Inscrite depuis 2009 par l'UNESCO au patrimoine immatériel de l'Humanité,  la valeur juridique et la portée universelle de la Charte du Mandé est confirmée.

La charte du Manden ou charte du Mandé, charte de Kouroukan Fouga , ou encore, en langue malinké, Manden Kalikan, est un texte oral, dont l'authenticité est approuvée par la grande institution internationale ‘‘UNESCO’’. Ce texte contemporain est issu  du règne de l'empereur Soundiata Keita  qui vécut de 1190 à 1255. Ce texte  aurait été solennellement proclamée le jour de l'intronisation de Soundiata Keïta comme empereur du Mali à la fin de l'année 1222. Il n'en existerait pas de trace écrite antérieure aux années 1960. La Charte qui est décrite ci-dessous provient des travaux de Wa Kamissoko, menés dans les années 1970.

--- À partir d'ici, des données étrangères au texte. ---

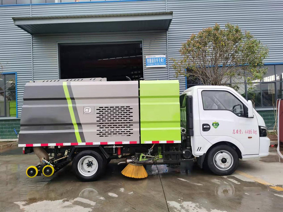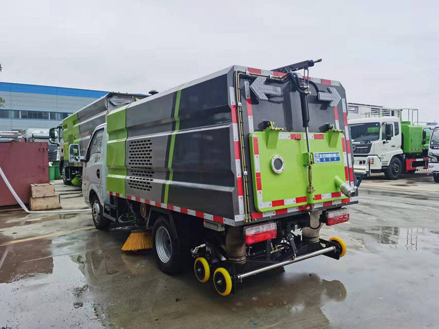 小型道路洗掃車,同時兼具道路清掃車及路面清洗車雙項功能。清掃作業時無二次揚塵。清洗道路時也可回收路面污水,防止污水對路面的二次污染。

Au même titre que la Magna Carta éditée en 1215 en Angleterre, ce texte est considéré comme l'une des plus anciennes références concernant les Droits fondamentaux. Pour cette raison, il est inscrit depuis 2009 par l'UNESCO au patrimoine immatériel de l'Humanité. Cette reconnaissance confirme la valeur juridique et la portée universelle de la Charte du Mandé.
Oeuvre de lettrés, ce texte en forme de serment nous est connu sous forme de deux versions, l'une datée de 1222 et comportant sept chapitres, l'autre datée de 1236 et comportant quarante-quatre articles.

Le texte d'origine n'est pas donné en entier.